Structural characterization of neutral and anionic glucans from Mesorhizobium loti

https://doi.org/10.1016/j.carres.2008.07.007Get rights and content

Abstract

The periplasmic glucans of Mesorhizobium loti were isolated and separated into fractions according to their acidity. NMR spectroscopy confirmed their backbone structure to be a cyclic β-(1→2)-d-glucan as in the case of other rhizobia, and revealed no non-glycosidic substituents in the neutral fraction, and glycerophosphoryl and succinyl residues as major and minor substituents, respectively, in the anionic fractions. MALDI-TOF mass spectrometry showed that the anionic glucans contain one, two, or three such substituents per molecule according to their acidity, and, in contrast, that all the anionic subfractions have a similar size distribution to that of the neutral glucans, where molecules composed of 20–24 glucosyl residues are predominant. These results clarify the periplasmic glucan composition in terms of charge-to-mass ratios in M. loti cells.

Introduction

Gram-negative bacteria generally contain low-molecular-weight glucose polymers in the periplasm. Despite their structural diversity, such periplasmic glucans are considered in common to play an essential role in the envelope organization, and mutants defective in the biosynthesis show a pleiotropic phenotype including a defect in hypo-osmotic adaptation.1 Moreover, in the case of pathogenic or symbiotic bacteria, periplasmic glucans are known to be crucial for the interaction with their eukaryotic hosts; as an example of their roles, periplasmic glucans were reported to suppress the host defense/immune mechanisms for plant symbiont Bradyrhizobium japonicum, mammalian pathogen Brucella abortus, and plant pathogen Xanthomonas campestris pv. campestris.2, 3, 4 In the case of Brucella, it has been proposed that the function of the molecule is to extract cholesterol from eukaryotic membranes so as to disrupt cholesterol-rich lipid rafts present on phagosomal membranes.5 As for the family Rhizobiaceae, which includes various pathogenic or symbiotic species, cyclic β-(1→2)-d-glucans have been determined to be their periplasmic glucans from the structural analyses with various bacteria such as Agrobacterium, Brucella, Mesorhizobium, Rhizobium, and Sinorhizobium species.6, 7, 8, 9, 10, 11, 12, 13 The molecules consist of β-(1→2)-linked d-glucosyl residues with the degrees of polymerization (DPs) ranging between 17 and 28, and some residues are modified by non-glycosidic substituents; the substituents are phosphoglycerol in A. tumefaciens,14 succinic acid in B. abortus,15 both in S. meliloti,16 and both methylmalonic acid and succinic acid in R. radiobacter,17 but no substituents in M. huakuii.13 Such substituents confer negative charge on the glucans, which would lead to the change in cell-envelope characteristics.

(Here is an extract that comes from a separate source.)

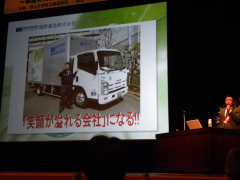 天谷局長は「去る1月15日に、長野県軽井沢町国道18号線で、スキーツアーのバスが道路からはみ出して転落し15名の方が亡くなる事故があった。大変痛ましい。心よりご冥福をお祈りし、 ケガをされた方々の一日も早い回復を願う。『交通の安全を確保し安心して利用してもらう』ことに交通事故対策の根幹がある。一層安全の意識を強め、その重要性を肝に銘じる必要がある。昨年の交通事故死者数は4117人で、これは対前年比4人増となった。15年ぶりの増加である。近畿では621名で80名増である。死者数全体のうち65歳以上の高齢者が占める割合は5割以上と高い水準で推移している。大阪府下では信号無視や飲酒運転の悪質運転が増えて、 その結果53名増なった。近畿運輸局では、『近畿グリーンナンバーセイフティプラン2010 』と題して平成31年度の事故死者数・人身事故件数半減を目指しているが、平成26年まで一度も未だ目標を達成できていない。一層の対策が必要だ。平成24年関越道でのバス事故をきっかけに高速貸切バスの安全安心回復プラン 平成26年の北陸道高速乗合バスの事故を受けた事業用自動車運転者健康管理マニュアルの改訂や、タクシー運転者登録制度を全国に拡大したり、試験に輸送の安全といった項目を追加したり、トラックについては、長時間労働の抑制といった重大事故につながる労働環境の改善をしたりしている。しかし、交通事故が多発している現状を鑑みれば、これで十分といったことは無い。さまざまな対策を決めて実行に移さないといけない。安全の意識を管理者から現場まで持ち続ける。『事故の特徴に対する有効な事故防止対策』というテーマ 事業用自動車事故調査委員会 事故調査を実施し有効な事故再発防止策を提言することとなった。皆様に一つでも多くのものを持ち帰っていただき、安全運行に役立てていただきたい。安全は経営者から現場の一人ひとりの意識の問題で、経営者にとっては安全が失われることが経営の最大のリスクであると今一度認識していただきたい」と防止推進に一層の協力をもとめた。 講演は、酒井雅彦・近畿運輸局自動車技術安全部長が「事業用自動車の事故防止対策」について述べた。酒井氏は安全プラン2009についての目標達成の中間経過についてとその見直しと新たな追加施策の7項目を説明した。 安部誠治・関西大学社会安全学部教授は「自動車事故調の提言〜事業用自動車事故の防止と減災〜」と題して講演。安部氏は「太平洋戦争等の310万人全員の犠牲者を除き、1946〜2014年まで交通事故死者は62万7千人でその比率が高い。また、タクシーの事故件数は高止まりで推移、バスは減少傾向、トラックの死者は376人(2013年)と多く、安全対策の課題である」とした。また2014年6月に発足した事業用自動車事故調査委員会が公表した6件の調査結果について分析して、いずれも運行管理者の役割が極めて重要とした。衝突被害軽減ブレーキの導入、過労運転防止に資する機器の開発、普及も提言した。浦部勝弘・近畿運輸局自動車技術安全部保安・環境課自動車事故調査分析官が「近畿運輸局の事故調査結果」について講演し、事故調査結果と分析について報告した。 また事業者の取り組み防止事例について、安川孝之・京都バス(株)運輸部次長が「ドライブレコーダーを活用した事故防止の取組み」について、越野泰弘・越野運送(株)代表取締役が「永続する企業への布石」と題して、安全教育サイクルによる無事故継続への取組みについて述べた。参加者約400人。

Whereas the anionic glucans are divided into more than one fraction according to the acidity within one organism, the charge-to-mass ratio has not been accurately characterized for each of the fractions.

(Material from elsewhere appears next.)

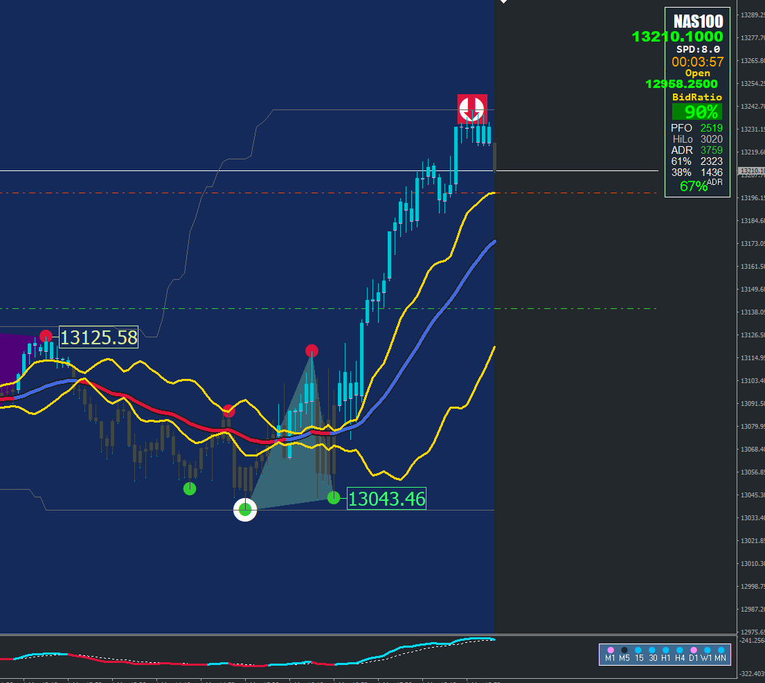 I was not able to trade the DOW, but managed later to enter long on the Nasdaq

Rhizobia are distinguished by the symbiotic nitrogen fixation with leguminous plants. S. meliloti is accepted as a model species for molecular genetics that establishes symbiosis with plants forming indeterminate-type nodules (e.g., alfalfa), the one of the major nodule types. The mutants for cyclic β-(1→2)-d-glucan synthesis were shown to be defective in the infection of host plants.18Mesorhizobium loti is another model species that establishes symbiosis with plants forming determinate-type nodules (e.g., Lotus japonicus), the other of the major nodule types. Its periplasmic glucans, however, have not been structurally characterized, whereas some M. loti studies dealt with the glucans through the chromatographic analyses.19, 20 We reported a novel M. loti mutant that shows defective infection of L. japonicus. It was suggested that the cep gene product, designated in that work, acts on a successful symbiosis by affecting the content of periplasmic glucans through the genetic and chromatographic analyses.21 Thus, we attempted in this work to determine the structure of the glucans, with special regard to the charge-to-mass ratios of the molecules.

Section snippets

M. loti contains cyclic β-(1→2)-d-glucans partially substituted with phosphoglycerol and succinic acid

M. loti cells were extracted with 70% ethanol, and the extract was subjected to gel-filtration chromatography. The glucan fractions, which occurred as a major peak having a Kav of 0.45–0.7 as previously shown,21 were pooled and then analyzed by anion-exchange chromatography. The chromatogram displayed five peaks, indicating one neutral (N) and four anionic (A1 to A4) subfractions (Fig. 1). This elution profile is similar to that reported previously except for an additional peak (A4).21 Each of

Bacterial strain and culture condition

M. loti ML001, a streptomycin-resistant derivative of M. loti wild-type strain MAFF303099,21 was grown at 30 °C with shaking in glutamic acid–d-mannitol–salts medium with a modification of the d-mannitol concentration to 1.0 g/L.7

Isolation of neutral and anionic glucans

M. loti cell pellets harvested from 8-L culture grown to an optical density at 660 nm of 0.7 were extracted with 240 mL of 70% (v/v) ethanol at 70 °C for 1 h. The extract was subjected to gel filtration on a HiPrep 16/60 Sephacryl S-100 HR column (1.6 × 60 cm; GE Healthcare).

Acknowledgments

We thank Mrs. Teiko Yamada (Tohoku University) for technical assistance on NMR spectroscopy. This work was supported in part by Grant-in-Aid for Scientific Research (No. 19580077) from Japan Society for the Promotion of Science, and by Grant-in-Aid for Scientific Research on Priority Areas ‘Comparative Genomics’ from the Ministry of Education, Culture, Sports, Science and Technology.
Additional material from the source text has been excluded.